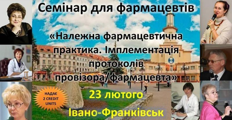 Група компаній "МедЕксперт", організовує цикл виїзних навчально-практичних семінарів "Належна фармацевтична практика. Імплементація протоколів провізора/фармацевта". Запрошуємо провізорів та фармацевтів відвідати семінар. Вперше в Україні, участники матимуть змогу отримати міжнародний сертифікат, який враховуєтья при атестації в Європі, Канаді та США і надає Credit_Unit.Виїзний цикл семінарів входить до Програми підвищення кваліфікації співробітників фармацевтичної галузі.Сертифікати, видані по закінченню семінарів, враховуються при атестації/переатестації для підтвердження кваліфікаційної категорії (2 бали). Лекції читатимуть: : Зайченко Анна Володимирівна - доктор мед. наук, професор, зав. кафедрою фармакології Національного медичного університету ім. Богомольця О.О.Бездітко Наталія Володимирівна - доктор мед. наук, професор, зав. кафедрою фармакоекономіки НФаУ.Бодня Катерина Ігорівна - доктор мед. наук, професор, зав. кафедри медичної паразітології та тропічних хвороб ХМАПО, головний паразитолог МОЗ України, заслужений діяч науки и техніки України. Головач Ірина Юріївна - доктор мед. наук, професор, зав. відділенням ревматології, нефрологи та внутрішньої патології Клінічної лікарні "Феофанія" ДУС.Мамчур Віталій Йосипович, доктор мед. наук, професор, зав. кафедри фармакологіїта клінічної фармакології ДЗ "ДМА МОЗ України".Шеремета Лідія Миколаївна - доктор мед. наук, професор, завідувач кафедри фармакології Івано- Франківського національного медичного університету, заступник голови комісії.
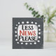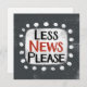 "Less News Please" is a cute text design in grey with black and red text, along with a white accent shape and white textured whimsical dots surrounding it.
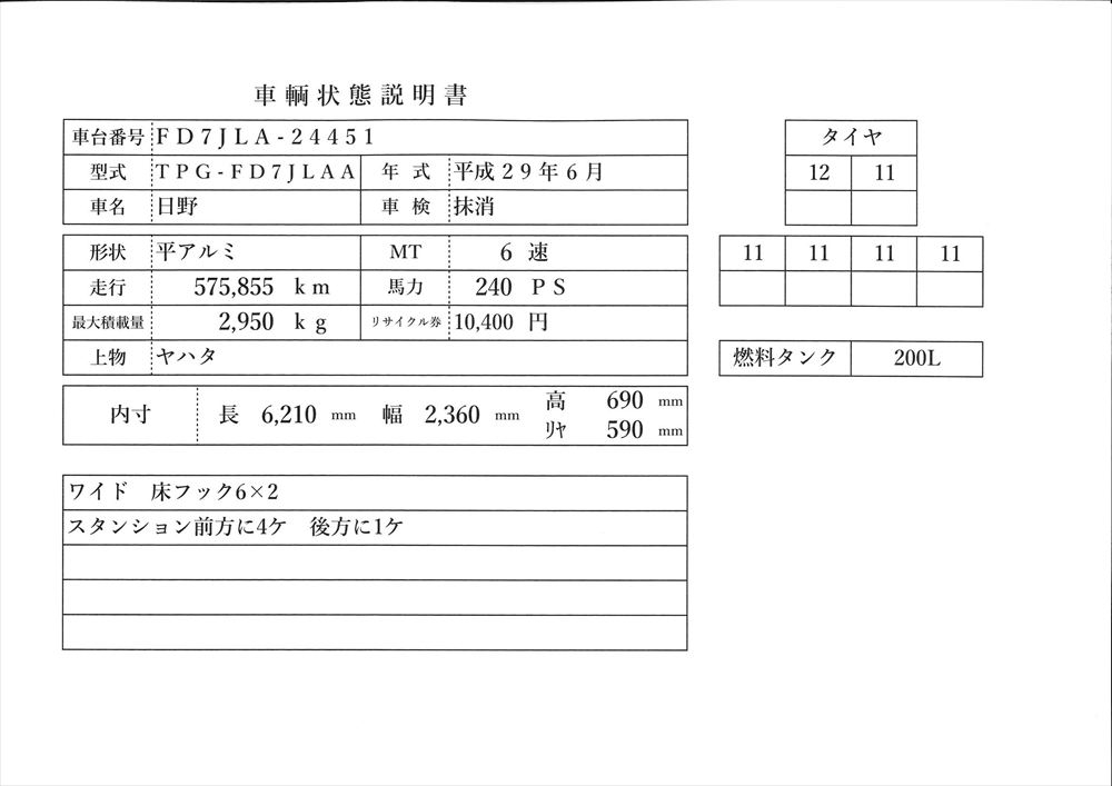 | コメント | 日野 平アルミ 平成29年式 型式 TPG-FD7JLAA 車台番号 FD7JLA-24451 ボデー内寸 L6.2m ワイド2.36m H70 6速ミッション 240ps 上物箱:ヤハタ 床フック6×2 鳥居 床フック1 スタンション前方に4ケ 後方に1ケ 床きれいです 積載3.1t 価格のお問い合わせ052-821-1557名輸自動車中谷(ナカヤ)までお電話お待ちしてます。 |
* * *
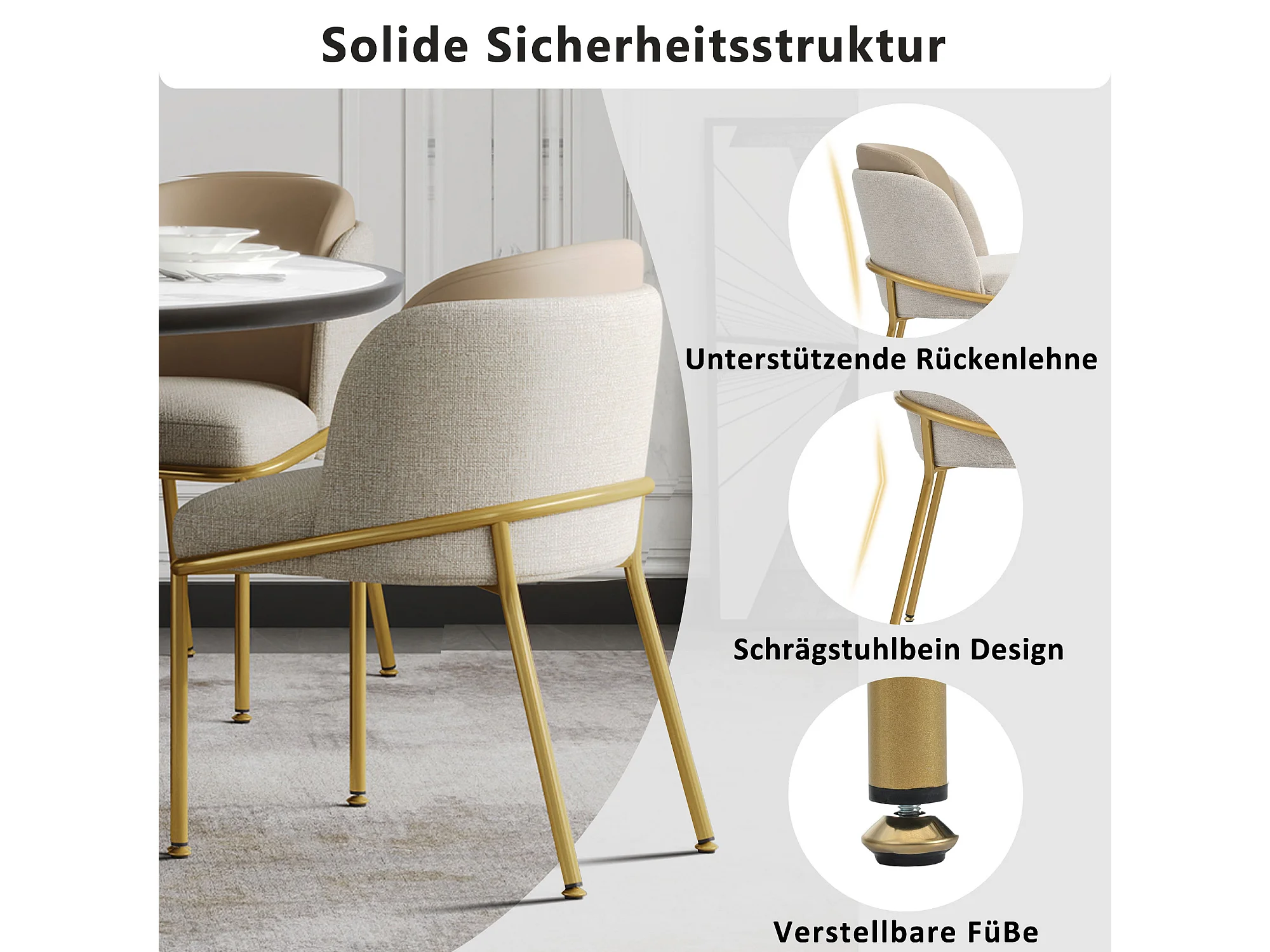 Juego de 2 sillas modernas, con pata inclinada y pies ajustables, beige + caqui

> _WHAT THE TASK ASKS_: Reproduce, word for word, everything in the listing above from the line containing "dots surrounding it." down to the line containing "積載3.1t 価格のお問い合わせ052-821-1557名輸自動車中谷(ナカヤ)までお電話お待ちしてます。 |", both of them included. No pictures.

> _ANSWER TO THE PROBLEM_:
 "Less News Please" is a cute text design in grey with black and red text, along with a white accent shape and white textured whimsical dots surrounding it.
 | コメント | 日野 平アルミ 平成29年式 型式 TPG-FD7JLAA 車台番号 FD7JLA-24451 ボデー内寸 L6.2m ワイド2.36m H70 6速ミッション 240ps 上物箱:ヤハタ 床フック6×2 鳥居 床フック1 スタンション前方に4ケ 後方に1ケ 床きれいです 積載3.1t 価格のお問い合わせ052-821-1557名輸自動車中谷(ナカヤ)までお電話お待ちしてます。 |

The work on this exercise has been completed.